• Aim of the exercise
Please reproduce the entries below exactly from the line with "Layering a 5×8" through their last line, leaving out any pictures.

• Provided entries
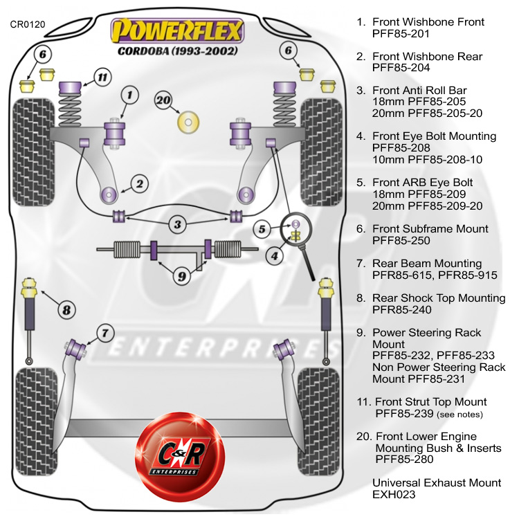 Um die richtigen Powerflex Road- oder Black Series-Buchsen zu identifizieren, die Sie benötigen, sehen Sie sich bitte das Positionsdiagramm weiter unten in der Liste an.
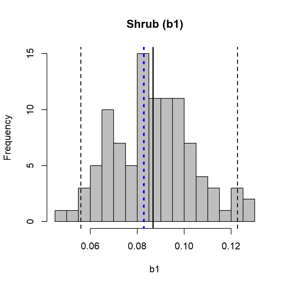 We now have a distribution for each of the regression coefficients in the Poisson GLM abundance model. If done correctly, the mean estimate from the bootstrap (solid black line, Figure 3 and Figure 4) should be very similar to the estimate from the original data (dotted blue line, Figure 3 and Figure 4). A 95% CI for each regression coefficient is estimated using the quantiles of the distribution (dashed black lines, Figure 3 and Figure 4).
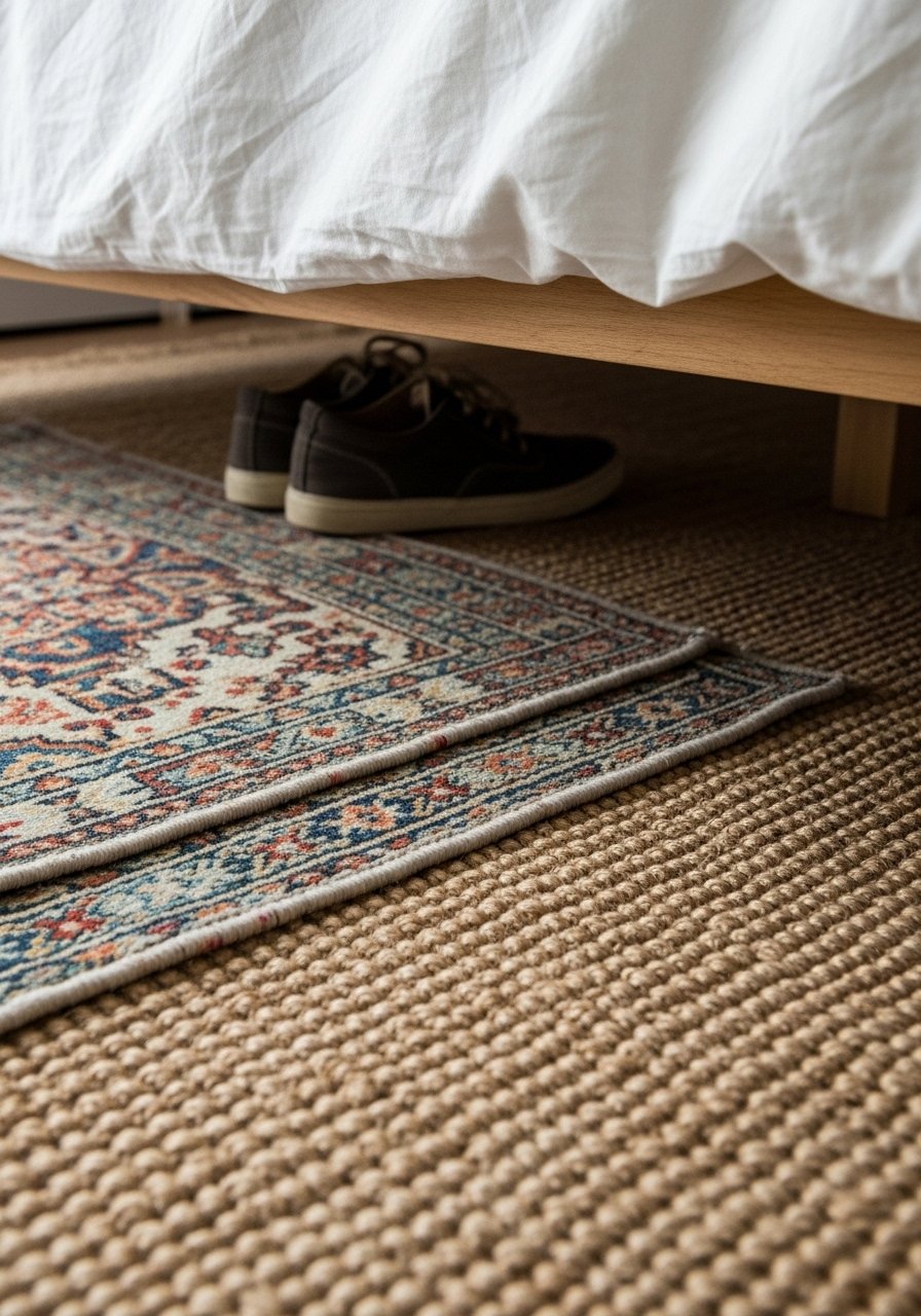 Layering a 5×8 patterned rug over an 8×10 jute area rug creates instant depth and a grounded feeling. I left the front legs of the bed on the larger rug and centered the smaller runner for balance — odd numbers and asymmetry work best. Avoid small rugs that float in the middle of the room; they make the space look disjointed. This combo makes my bedroom feel warmer on cold mornings and visually richer without feeling cluttered.
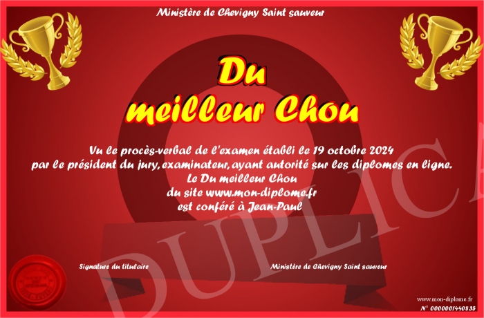 Envoyez par email votre Du meilleur Chou personalisé
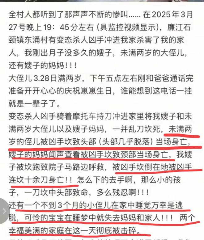 广东廉江的春天本应是万物萌发的时节,却在3月27日这天蒙上了血色阴影。一个即将迎来两岁生日的幼童,一位刚坐完月子的年轻母亲,还有年逾七旬的外婆,三人的生命永远定格在了那个寻常的夜晚。当父亲还在电话里与孩子约定次日的生日蛋糕时,谁也想不到,一场灭顶之灾正骑着摩托车驶向这个温馨的小家。
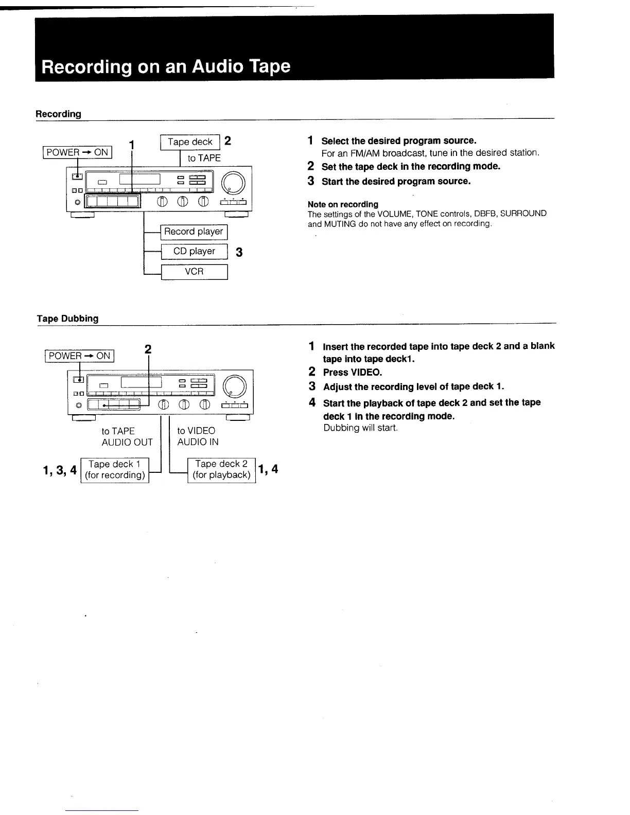Sony STR-AV23 - Recording on an Audio Tape; Recording; Tape Dubbing
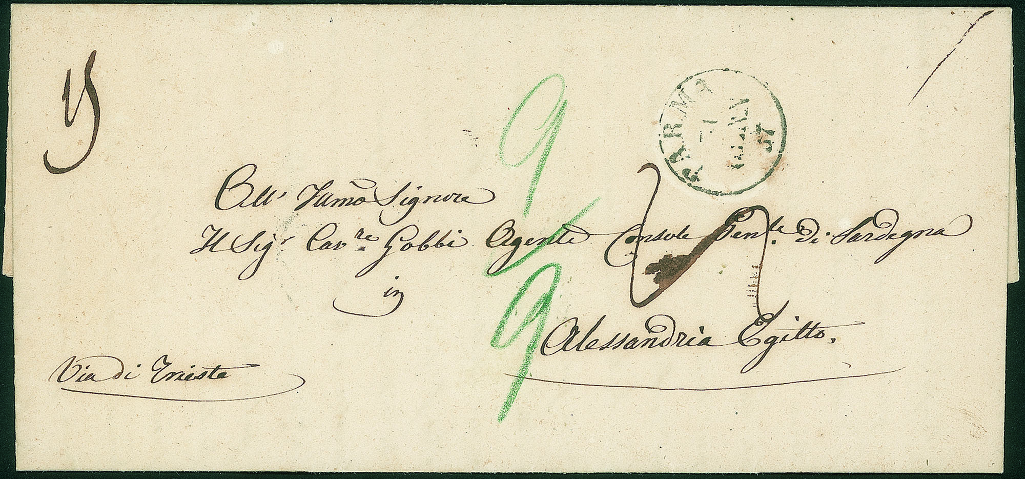 Da PARMA 31 GENN.57 diretta al console Sardo via Trieste con tassa 9/9 kreuzer (9 kr. Pfino a Trieste e 9 kr. A favore dei Lloyd.

• Result of the exercise
 Layering a 5×8 patterned rug over an 8×10 jute area rug creates instant depth and a grounded feeling. I left the front legs of the bed on the larger rug and centered the smaller runner for balance — odd numbers and asymmetry work best. Avoid small rugs that float in the middle of the room; they make the space look disjointed. This combo makes my bedroom feel warmer on cold mornings and visually richer without feeling cluttered.
 Envoyez par email votre Du meilleur Chou personalisé
 广东廉江的春天本应是万物萌发的时节,却在3月27日这天蒙上了血色阴影。一个即将迎来两岁生日的幼童,一位刚坐完月子的年轻母亲,还有年逾七旬的外婆,三人的生命永远定格在了那个寻常的夜晚。当父亲还在电话里与孩子约定次日的生日蛋糕时,谁也想不到,一场灭顶之灾正骑着摩托车驶向这个温馨的小家。
Sony STR-AV23 - Recording on an Audio Tape; Recording; Tape Dubbing
 Da PARMA 31 GENN.57 diretta al console Sardo via Trieste con tassa 9/9 kreuzer (9 kr. Pfino a Trieste e 9 kr. A favore dei Lloyd.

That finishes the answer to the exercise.